Однако из-за республиканского неприятия чартерных монополий создание корпораций в годы, последовавшие за революцией, вызвало бурное сопротивление и жаркие споры. В те десятилетия попытки штатов предоставить такие корпоративные привилегии избранным лицам и группам немедленно вызывали бурю протеста.[1160] Критики утверждали, что такие гранты, даже если их общественная цель казалась очевидной, как, например, гранты для Филадельфийского колледжа, Североамериканского банка или города Филадельфии, противоречили духу американского республиканизма, «который не допускает предоставления особых привилегий какому-либо сообществу людей». Такие франшизы и привилегии могли иметь смысл в монархиях как средства, служащие «для ограничения и сдерживания абсолютной власти». Безусловно, колонисты рассматривали свои различные хартии короны и корпораций именно в таком защитном ключе. Но теперь, когда правили только люди, эти корпоративные привилегии казались пагубными, поскольку, как заявил судья Джон Хобарт из Нью-Йорка, «все инкорпорации подразумевают привилегии, предоставляемые одному сословию граждан, которыми не пользуются другие, и тем самым разрушают принцип равной свободы, который должен существовать в каждом сообществе».[1161]

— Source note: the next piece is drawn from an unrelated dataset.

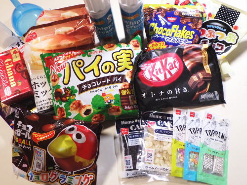 チョコレート菓子を盛り付けて出来上がり!

В результате такого противодействия корпорации радикально изменились. По мере того как американское общество, по крайней мере на Севере, порождало разнообразные интересы и становилось все более демократичным, законодательным органам штатов становилось все труднее противостоять призывам даровать корпоративные привилегии все более широко, тем более что многие из их членов сами были вовлечены в бизнес, который они регистрировали. Поскольку огромная часть представителей в законодательных органах штатов ежегодно сменяла друг друга, каждый особый интерес в обществе стал требовать своего собственного кластера юридических привилегий. В конце концов корпоративная хартия, как жаловался в 1792 году Джеймс Салливан из Массачусетса, стала просто «поблажкой для нескольких человек в штате, которые случайно попросили законодательный орган предоставить им её».[1162] То, что было у одного сообщества или группы предпринимателей, хотели получить и другие, поэтому корпоративные хартии множились все больше и больше.
За весь колониальный период было зарегистрировано всего полдюжины бизнес-корпораций. Теперь же подобные корпоративные гранты для бизнеса фактически превратились в народные пособия. Законодательные органы регистрировали не только банки, но и страховые компании и производственные предприятия, а также выдавали предпринимателям лицензии на эксплуатацию мостов, дорог и каналов. С 1781 по 1785 год штаты выдали 11 регистрационных хартий, с 1786 по 1790 год — ещё 22, а с 1791 по 1795 год — 114. В период с 1800 по 1817 год они выдали почти 1800 корпоративных хартий. В одном только Массачусетсе было в тридцать раз больше бизнес-корпораций, чем полдюжины или около того, существовавших во всей Европе. Нью-Йорк, самый быстрорастущий штат, выдал 220 корпоративных хартий в период с 1800 по 1810 год.